▶ _Stored data_

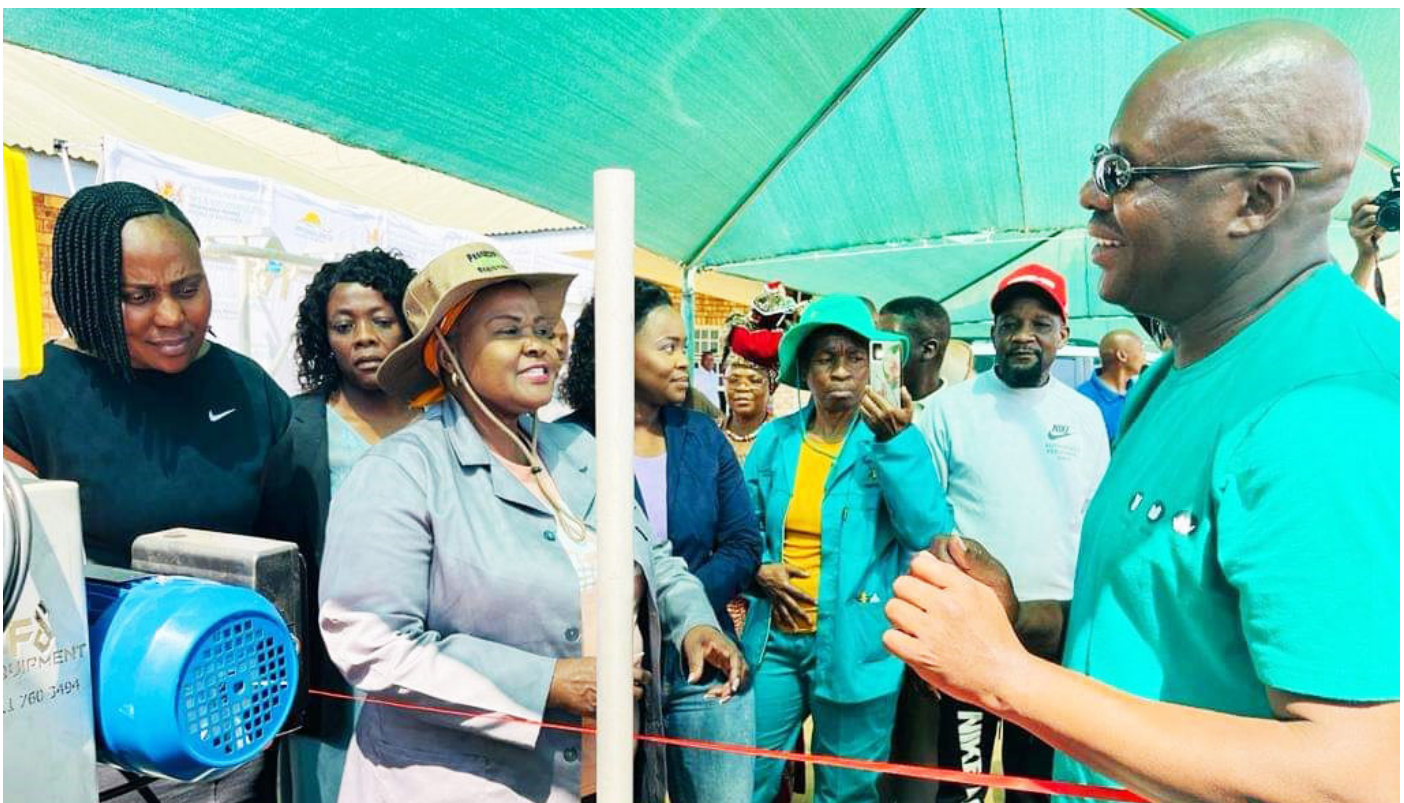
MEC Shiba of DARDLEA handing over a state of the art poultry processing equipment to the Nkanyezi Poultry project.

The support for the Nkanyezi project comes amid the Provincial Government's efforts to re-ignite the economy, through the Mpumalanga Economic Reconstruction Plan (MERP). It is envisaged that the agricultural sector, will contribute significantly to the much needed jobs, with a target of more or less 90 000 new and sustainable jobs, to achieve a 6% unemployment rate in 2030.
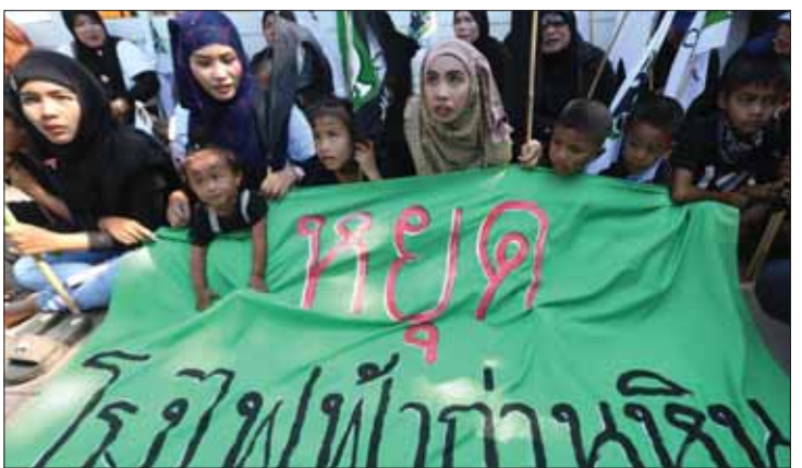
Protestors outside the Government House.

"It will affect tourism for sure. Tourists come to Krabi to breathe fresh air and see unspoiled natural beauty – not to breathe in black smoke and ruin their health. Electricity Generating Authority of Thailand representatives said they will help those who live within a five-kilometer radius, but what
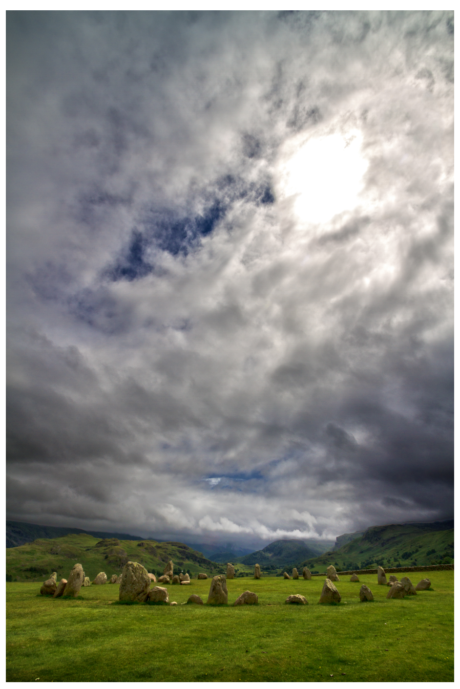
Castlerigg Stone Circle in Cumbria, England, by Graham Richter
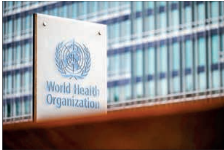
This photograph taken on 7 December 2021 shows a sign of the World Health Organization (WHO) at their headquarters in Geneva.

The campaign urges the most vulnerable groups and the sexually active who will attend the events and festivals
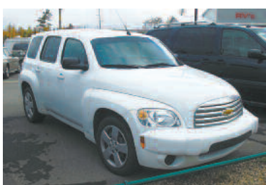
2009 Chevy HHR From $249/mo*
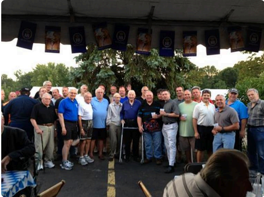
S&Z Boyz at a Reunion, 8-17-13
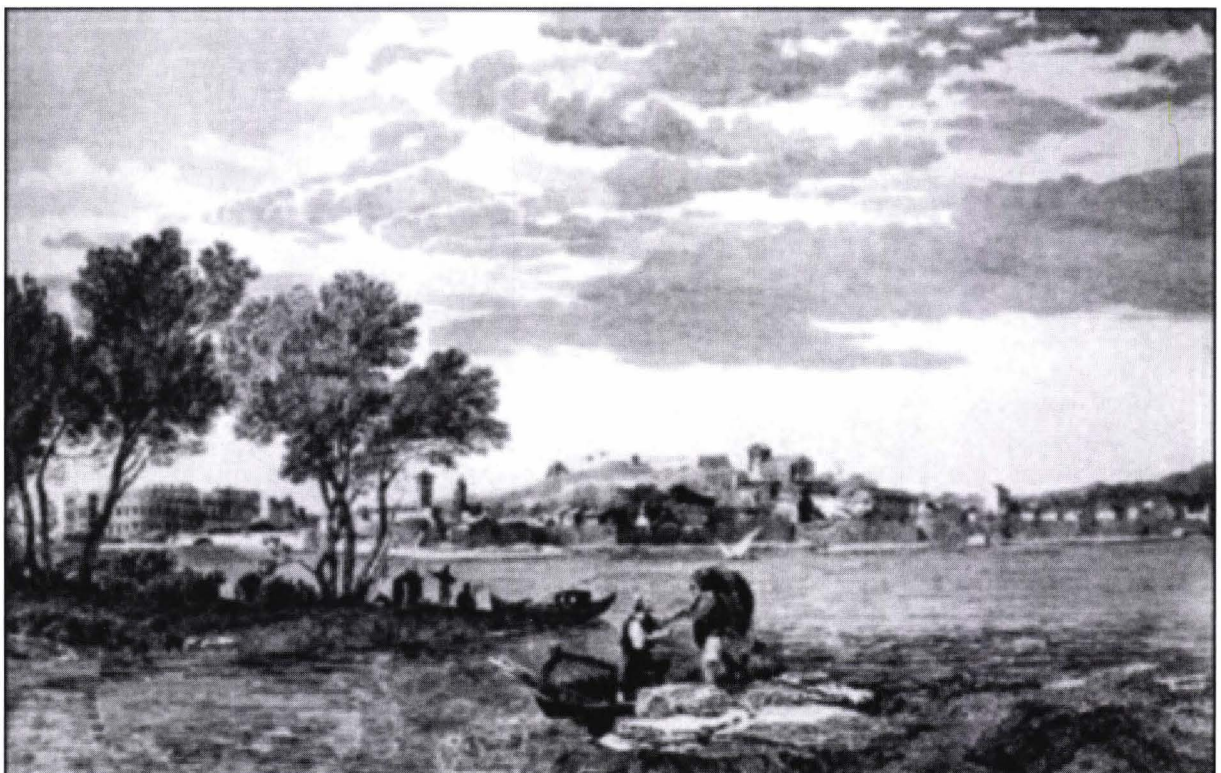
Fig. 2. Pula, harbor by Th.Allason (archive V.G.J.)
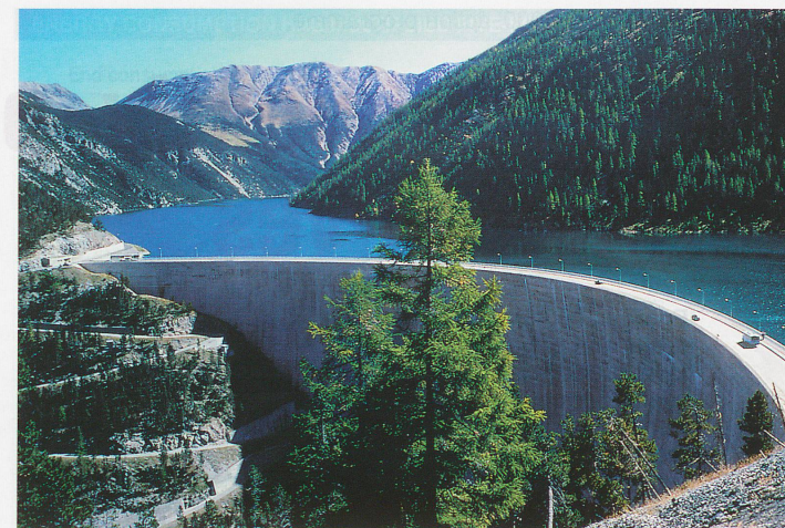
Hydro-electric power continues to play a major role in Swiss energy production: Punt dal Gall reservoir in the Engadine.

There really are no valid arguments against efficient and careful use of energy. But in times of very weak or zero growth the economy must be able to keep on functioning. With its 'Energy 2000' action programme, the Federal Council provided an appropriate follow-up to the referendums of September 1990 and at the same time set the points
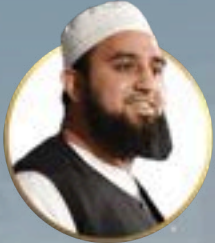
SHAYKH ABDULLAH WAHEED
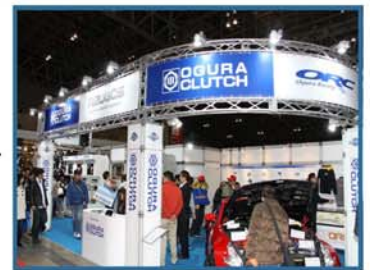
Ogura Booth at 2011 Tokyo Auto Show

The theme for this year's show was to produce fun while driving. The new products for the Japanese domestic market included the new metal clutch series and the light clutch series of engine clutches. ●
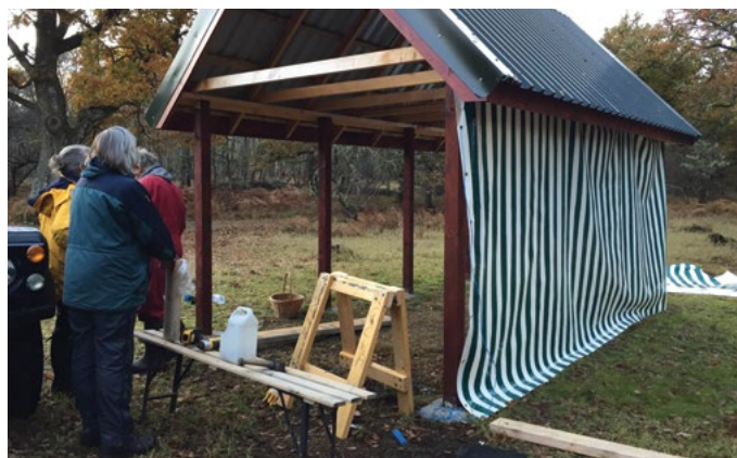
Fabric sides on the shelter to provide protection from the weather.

▶ _Exercise aim_
Set down every entry exactly; omit the pictures.

▶ _Result of the exercise_
MEC Shiba of DARDLEA handing over a state of the art poultry processing equipment to the Nkanyezi Poultry project.

The support for the Nkanyezi project comes amid the Provincial Government's efforts to re-ignite the economy, through the Mpumalanga Economic Reconstruction Plan (MERP). It is envisaged that the agricultural sector, will contribute significantly to the much needed jobs, with a target of more or less 90 000 new and sustainable jobs, to achieve a 6% unemployment rate in 2030.
Protestors outside the Government House.

"It will affect tourism for sure. Tourists come to Krabi to breathe fresh air and see unspoiled natural beauty – not to breathe in black smoke and ruin their health. Electricity Generating Authority of Thailand representatives said they will help those who live within a five-kilometer radius, but what
Castlerigg Stone Circle in Cumbria, England, by Graham Richter
This photograph taken on 7 December 2021 shows a sign of the World Health Organization (WHO) at their headquarters in Geneva.

The campaign urges the most vulnerable groups and the sexually active who will attend the events and festivals
2009 Chevy HHR From $249/mo*
S&Z Boyz at a Reunion, 8-17-13
Fig. 2. Pula, harbor by Th.Allason (archive V.G.J.)
Hydro-electric power continues to play a major role in Swiss energy production: Punt dal Gall reservoir in the Engadine.

There really are no valid arguments against efficient and careful use of energy. But in times of very weak or zero growth the economy must be able to keep on functioning. With its 'Energy 2000' action programme, the Federal Council provided an appropriate follow-up to the referendums of September 1990 and at the same time set the points
SHAYKH ABDULLAH WAHEED
Ogura Booth at 2011 Tokyo Auto Show

The theme for this year's show was to produce fun while driving. The new products for the Japanese domestic market included the new metal clutch series and the light clutch series of engine clutches. ●
Fabric sides on the shelter to provide protection from the weather.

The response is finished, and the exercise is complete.